目的:细菌生物膜是有效抗生素疗法面临的一大挑战,因为生物膜会产生物理和功能变化,保护细菌免受周围环境的侵害。在这项研究中,聚焦超声与空化核相结合,用于破坏金黄色葡萄球菌和铜绿假单胞菌的生物膜:在两种不同类型的空化核存在的情况下,将单种生物膜暴露于超声波(中心频率为 0.5 MHz,峰值稀释压力为 0.5-1.5 MPa,脉冲周期为 200 个,重复频率为 5 Hz,持续时间为 30 秒)中。使用校准线性阵列对治疗过程中的空化发射进行了定量被动声学绘图(PAM)监测:观察发现,治疗期间声发射的累积能量与生物膜破坏呈正相关,细菌种类之间的差异归因于生物膜形态的不同。与微气泡相比,PCaN能更有效地减少生物膜,这在很大程度上是由于PCaN在超声暴露持续时间内具有持久性。用 PAM 表征的空化空间分布与显微镜观察到的生物膜破坏程度之间也有很好的相关性:总之,这项工作的结果表明,空化技术在消除重点病原体的生物膜方面具有潜在的广泛适用性,而被动声学绘图技术则为实时监控抗菌过程提供了机会。
本文章由计算机程序翻译,如有差异,请以英文原文为准。
Quantitative evaluation of anti-biofilm cavitation activity seeded from microbubbles or protein cavitation nuclei by passive acoustic mapping.

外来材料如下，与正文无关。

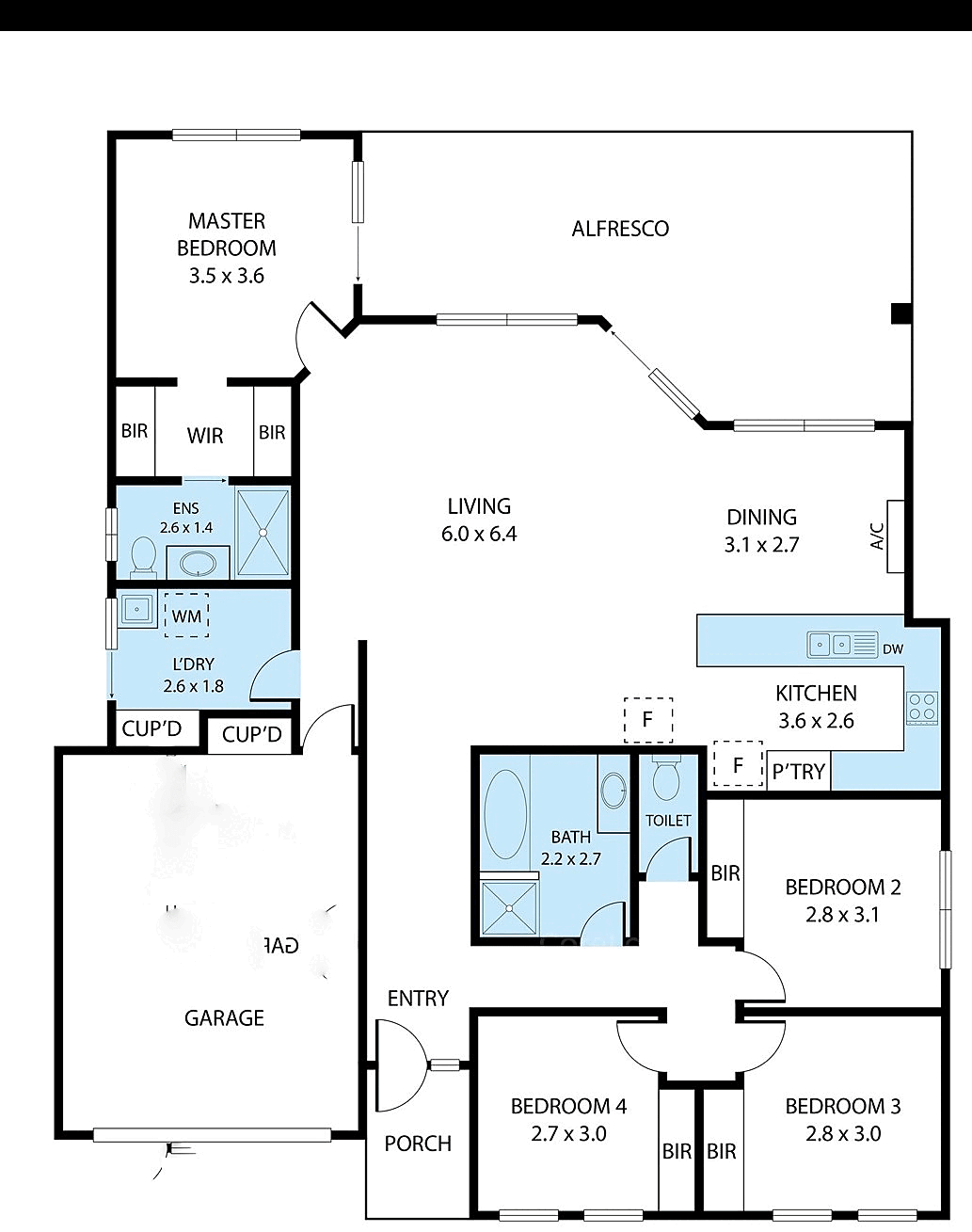 This family home consists of 4 bedrooms, all queen sized with built in wardrobes. The master is fit for a KING bed and has a large ensuite and walk through wardrobe with air conditioning.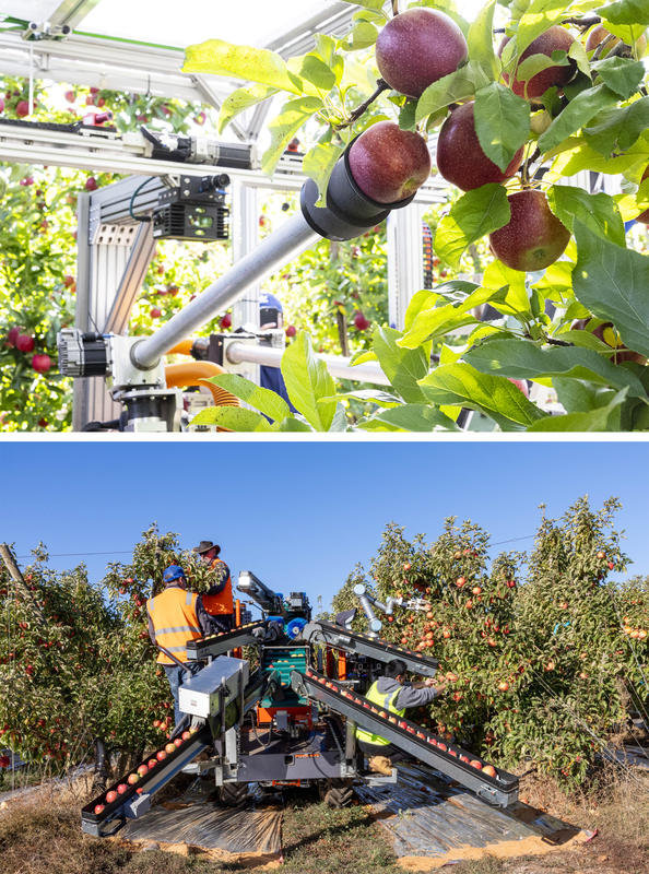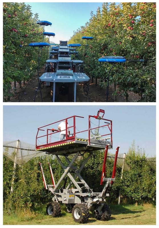 Raccolta robotizzata nel meleto. La raccolta robotizzata delle mele rappresenta uno dei campi più avanzati della ricerca applicata in frutticoltura. Il cuore tecnologico di questi sistemi è costituito dai sensori di visione artificiale, che consentono di individuare i frutti e valutarne lo stadio di maturazione. Le videocamere 2D e 3D, spesso integrate con sensori multispettrali, devono garantire un riconoscimento affidabile anche in presenza di frutti parzialmente coperti da foglie e rami e/o in condizioni di illuminazione variabili. Per ridurre tali criticità, gli impianti vengono sempre più spesso allevati a parete stretta, una configurazione che favorisce un’esposizione uniforme dei frutti e agevola l’intervento delle macchine.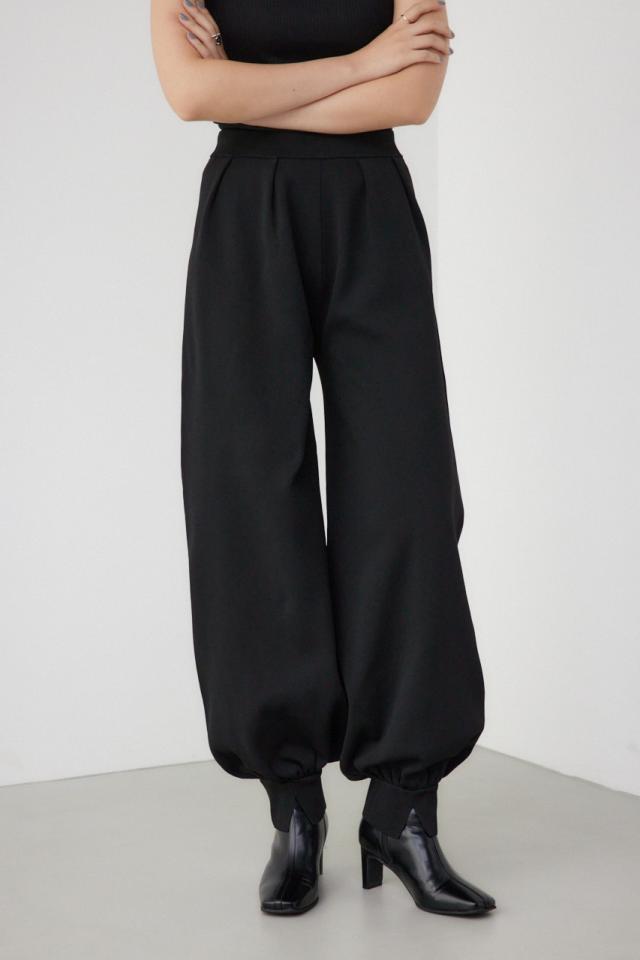 ハイツイストのポリエステル糸を使用した、程よいボリューム感がポイントのアラジンシルエットのニットパンツです。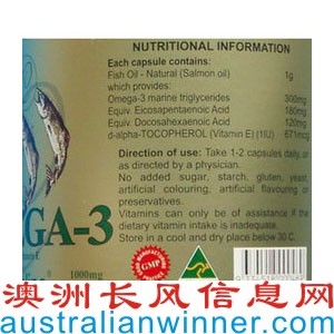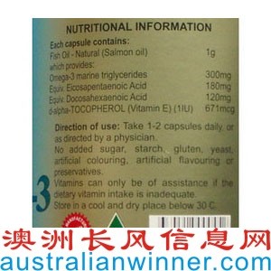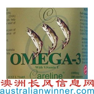 HPCAJD_0077 柯蓝深海鱼油180粒装 Careline omega3,1000mg 深海 Omega-3 三纹鱼油 澳洲原装、在澳洲卫生部严格监管下的GMP药厂精制生产的无毒、无刺激性保健产品。 独立包装每瓶装100粒; 所标金额为1瓶价格。 对于一般人来说,每天服用深海鱼油的剂量以1000mg为宜。成年人每天1—2粒或遵专家指导。 由于鱼油有使血液变稀的功能,因此对于血友病患者或因某种原因身体经常出血的人,以及对鱼类产品过敏的人士,至少应注意服用剂量。 放置于阴干处保存,有效期三年。 深海鱼油是从深海鱼类的肉及脂肪组织中提炼出来的油脂,英文Omega—3,它含有丰富的EPA及DHA等不饱和脂肪酸。据有关资料介绍,深海鱼油具有降低血液中的胆固醇,有效地控制人体血脂溶度,防止血小板凝聚成为血块而引起血管闭塞,从而防治动脉硬化、高血压、脑血栓、脑溢血、老年性痴呆、风湿性关节炎和糖尿病等功效。深海鱼油对保持人体健康、预防心血管疾病、改善内分泌功能起着重要作用,是保持人体健康所必然的营养成分。有“血管清道夫”之美称。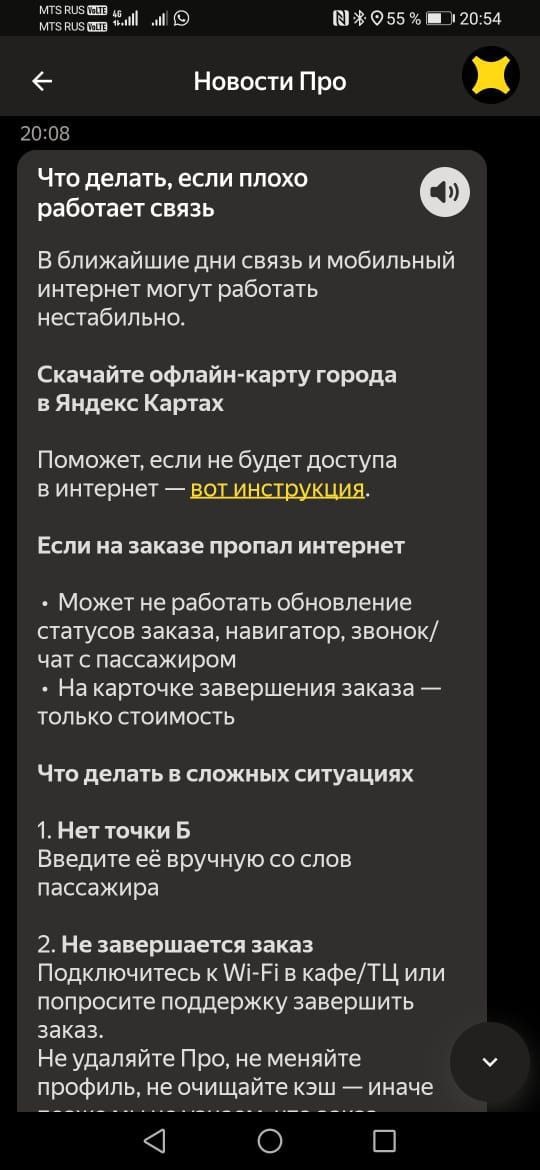 Что делать, если плохо работает связьВ ближайшие дни связь и мобильный интернет могут работать нестабильно. Скачайте офлайн-карту города в Яндекс Картах Поможет, если не будет доступа в интернет — вот инструкция. Если на заказе пропал интернет • Может не работать обновление статусов заказа, навигатор, звонок/чат с пассажиром • На карточке завершения заказа — только стоимость Что делать в сложных ситуациях 1. Нет точки Б Введите её вручную со слов пассажира 2. Не завершается заказ Подключитесь к Wi-Fi в кафе/ТЦ или попросите поддержку завершить заказ. Не удаляйте Про, не меняйте профиль, не очищайте кэш — иначе позже мы не узнаем, что заказ выполнен. 3. Не получается выйти на линию/уйти с линии Дождитесь стабильного доступа в интернет. 4. Не согласны со стоимостью заказа Она может пересчитаться, когда будет стабильный интернет. Проверьте её позже, если остались вопросы — обратитесь в поддержку. Из-за нестабильного интернета может быть много обращений в поддержку — возможно

Objective: Bacterial biofilms represent a major challenge for effective antibiotic therapy as they confer physical and functional changes that protect bacteria from their surrounding environment. In this work, focused ultrasound in combination with cavitation nuclei was used to disrupt biofilms of Staphylococcus aureus and Pseudomonas aeruginosa, both of which are on the World Health Organization's priority list for new antimicrobial research. Approach: Single species biofilms were exposed to ultrasound (0.5 MHz centre frequency, 0.5-1.5 MPa peak rarefactional pressure, 200 cycle pulses, 5 Hz repetition frequency, 30 s duration), in the presence of two different types of cavitation nuclei. Quantitative passive acoustic mapping (PAM) was used to monitor cavitation emissions during treatment using a calibrated linear array. Main Results: It was observed that the cumulative energy of acoustic emissions during treatment was positively correlated with biofilm disruption, with differences between bacterial species attributed to differences in biofilm morphology. PCaN provided increased biofilm reduction compared to microbubbles due in large part to their persistence over the duration of ultrasound exposure. There was also good correlation between the spatial distribution of cavitation as characterized by PAM and the extent of biofilm disruption observed with microscopy. Significance: Collectively, the results from this work indicate the potential broad applicability of cavitation for eliminating biofilms of priority pathogens and the opportunity presented by Passive Acoustic Mapping for real-time monitoring of antimicrobial processes.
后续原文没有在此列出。